MCP-1, SDF-1, and VEGFA levels in ischemic muscle from MCP-1^−/− mice. The level of MCP-1 (A), SDF-1 (B), and VEGFA (C) in muscle supernatant was measured, as described in Figure 4. *, P < 0.05; **, P < 0.01; ***, P < 0.001, relative to no adoptive transfer. Data represent the mean ± sem.

Fig. 7.

Reperfusion in CCR2^−/− chimeric mice.
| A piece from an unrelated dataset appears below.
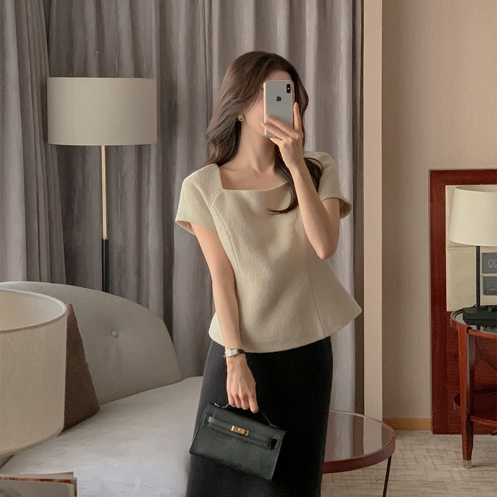 [Premium/울50%]투벤 스퀘어넥 절개 트위드 블라우스(하객룩/출근룩)

CCR2^−/− bone marrow chimeras were established by transplanting CCR2^−/− bone marrow cells into irradiated wild-type mice. Following hematopoietic reconstitution (5–6 weeks), hindlimb ischemia was induced in these chimeras (or wild-type C57BL/6 mice), and 24 h later, CFSE-labeled, wild-type bone marrow cells were infused i.v. (A) Number of CFSE⁺, F4/80⁺ monocytes recruited to the ischemic adductor muscle 4 h after adoptive transfer (n=3–6 for each genotype). (B) Number of endogenous (non-CFSE-labeled) F4/80⁺ monocytes recruited to the ischemic adductor muscle 48 h after induction of hindlimb ischemia (n=3–6 for each genotype; ***, P<0.0001). (C) Restoration of blood flow in wild-type mice (C57BL/6) or CCR2^−/− chimeras after adoptive transfer of 1 × 10⁶ wild-type bone marrow cells or saline alone (PBS). Data represent the mean ± sem.